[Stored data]
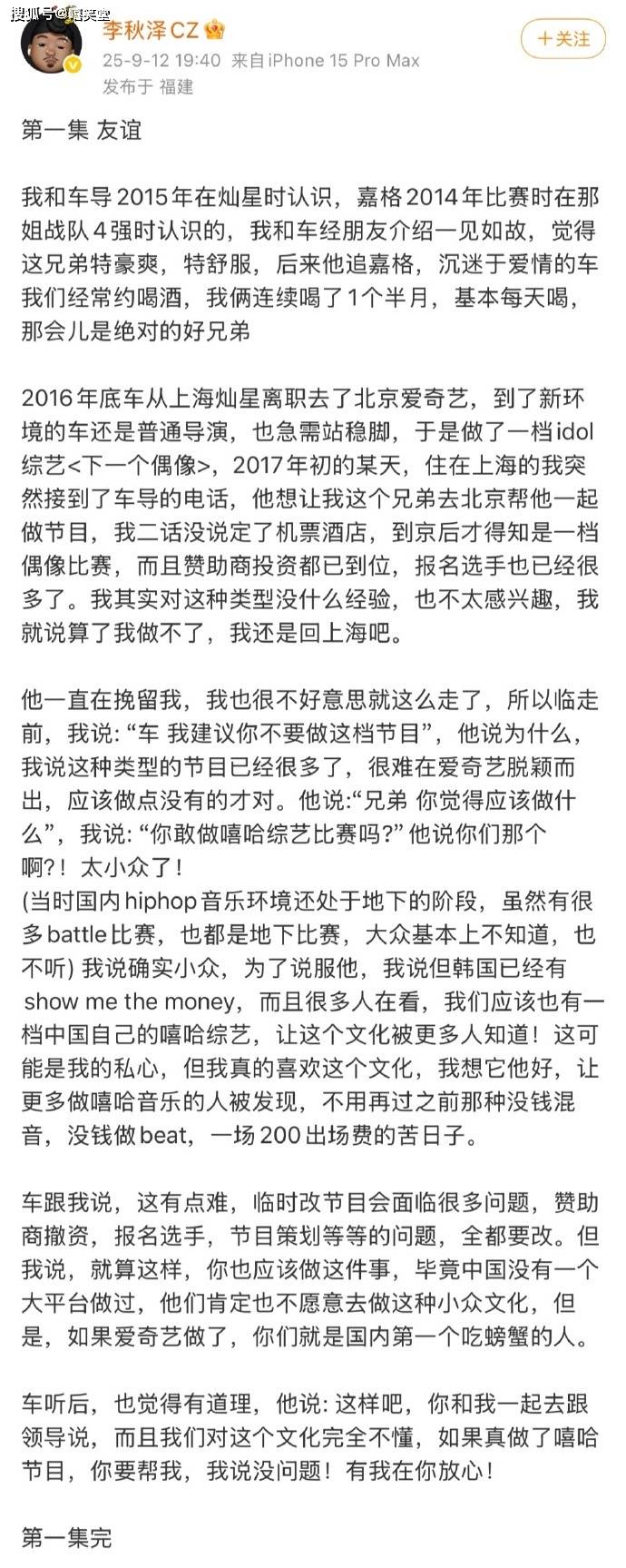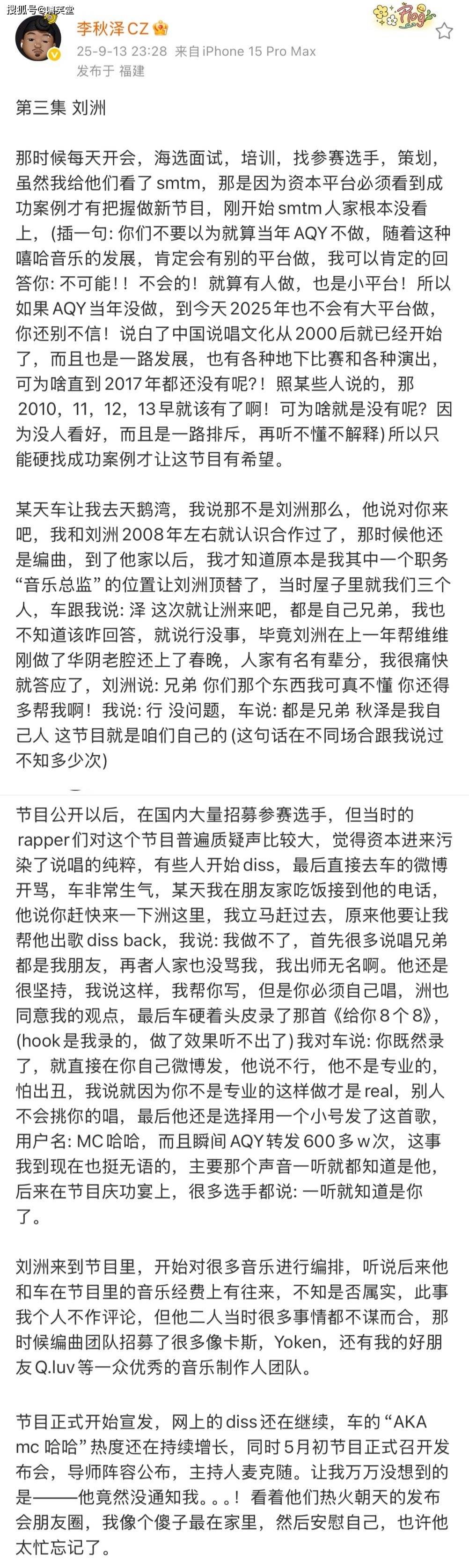 在第一篇中,李秋泽谈到了和车澈筹备《中国有嘻哈》的往事。
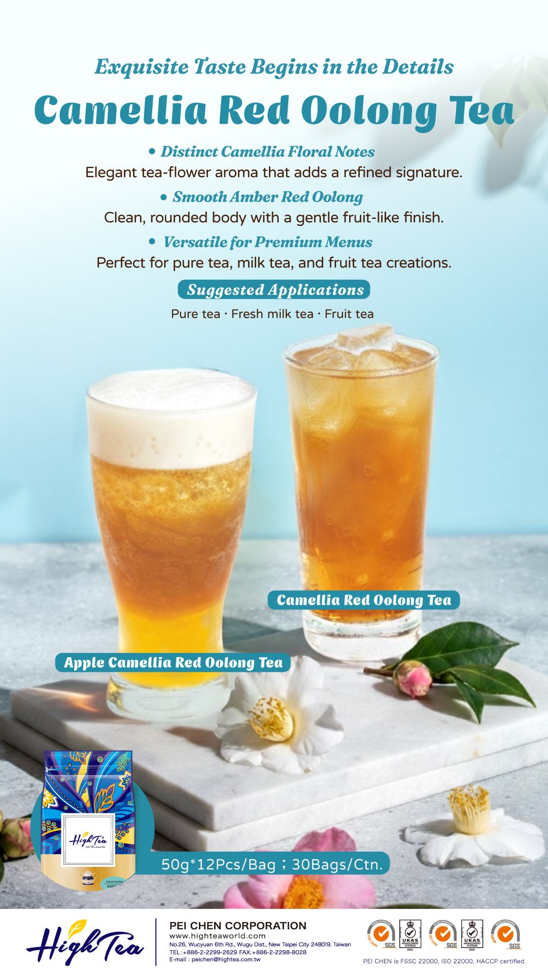 Made with red oolong and infused with camellia aroma, this tea offers a graceful balance of floral and fruity notes, a clear amber hue, and a smooth, refined finish—perfect for pure tea, milk tea, fruit tea, or sparkling blends.
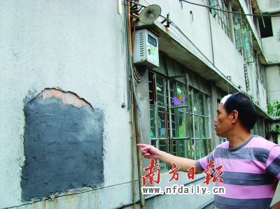 紅星幼兒園位于禪城區福寧路上,屬祖廟東華里拆遷范圍的拆遷戶。昨日上午記者趕到該幼兒園時,由于電線門窗等都遭到破壞,幼兒園正準備搬遷到其他地方。記者發現,該幼兒園的后墻上有一個約1平方米大小的新修補的墻壁,與其它周圍墻壁顏色不同。而該幼兒園主管梁先生氣憤地說,這個新修補的地方原本是一扇窗戶,前天上午拾荒者就是砸爛該窗戶進入院內偷竊的,所以后來用磚和水泥將該處封了。
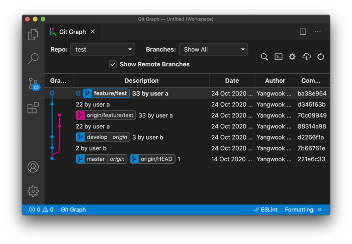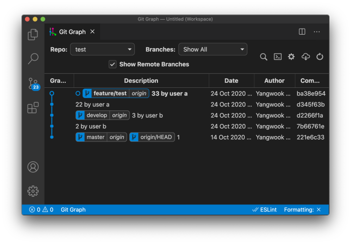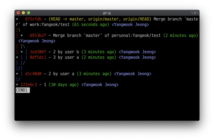 사용자 a가 먼저 커밋한 내용을 사용자 b가 동기화하지 않은채로 사용하다가 충돌때문에 Merge branch 커밋이 생긴 상황에 어떻게 한 줄로 커밋을 만드는지 보여드릴게요!
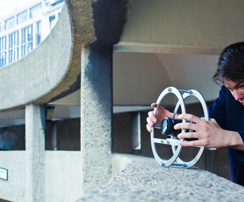 Since the degree show, I have been busy expanding the project; developing its thesis through discussions with architects, creating new project materials and not long ago exhibiting the second ‘phase’ at the London Festival of Architecture (LFA) 2017, which ran from 1 – 30th June. Amongst it all, the development of new camera rigs offered the richest territory for discovery. Admittedly, the rigs I developed for the first phase of the project were very basic, the beginnings of a larger venture. The two new devices look to amplify the interaction between camera and architecture; the first – called the CRB_LSD rig – emerged from a fascination with revolving shots on film and an itch to create one which was a direct result of a surface manipulating a camera. Rolling a camera within a circular cage facilitated this, offering some fantastically disorienting footage. The other – called the SRFC_DP – originated from discussions with Mobile Studio Architects about abstracting the materiality of a building from the wider context of its form and the ‘grand architectural image’ which people often seek when photographing architecture. The exhibition brought about a satisfying resolution in seeing these surface frames – which are roughly 50mm x 30mm – projected at fifty times their original size; somehow activated in a way which eluded me in the editing process.

◆ Work request:
All records above are to be printed exactly, minus the pictures they contain.

◆ Response to this exercise:
 在第一篇中,李秋泽谈到了和车澈筹备《中国有嘻哈》的往事。
 Made with red oolong and infused with camellia aroma, this tea offers a graceful balance of floral and fruity notes, a clear amber hue, and a smooth, refined finish—perfect for pure tea, milk tea, fruit tea, or sparkling blends.
 紅星幼兒園位于禪城區福寧路上,屬祖廟東華里拆遷范圍的拆遷戶。昨日上午記者趕到該幼兒園時,由于電線門窗等都遭到破壞,幼兒園正準備搬遷到其他地方。記者發現,該幼兒園的后墻上有一個約1平方米大小的新修補的墻壁,與其它周圍墻壁顏色不同。而該幼兒園主管梁先生氣憤地說,這個新修補的地方原本是一扇窗戶,前天上午拾荒者就是砸爛該窗戶進入院內偷竊的,所以后來用磚和水泥將該處封了。
 사용자 a가 먼저 커밋한 내용을 사용자 b가 동기화하지 않은채로 사용하다가 충돌때문에 Merge branch 커밋이 생긴 상황에 어떻게 한 줄로 커밋을 만드는지 보여드릴게요!
 Since the degree show, I have been busy expanding the project; developing its thesis through discussions with architects, creating new project materials and not long ago exhibiting the second ‘phase’ at the London Festival of Architecture (LFA) 2017, which ran from 1 – 30th June. Amongst it all, the development of new camera rigs offered the richest territory for discovery. Admittedly, the rigs I developed for the first phase of the project were very basic, the beginnings of a larger venture. The two new devices look to amplify the interaction between camera and architecture; the first – called the CRB_LSD rig – emerged from a fascination with revolving shots on film and an itch to create one which was a direct result of a surface manipulating a camera. Rolling a camera within a circular cage facilitated this, offering some fantastically disorienting footage. The other – called the SRFC_DP – originated from discussions with Mobile Studio Architects about abstracting the materiality of a building from the wider context of its form and the ‘grand architectural image’ which people often seek when photographing architecture. The exhibition brought about a satisfying resolution in seeing these surface frames – which are roughly 50mm x 30mm – projected at fifty times their original size; somehow activated in a way which eluded me in the editing process.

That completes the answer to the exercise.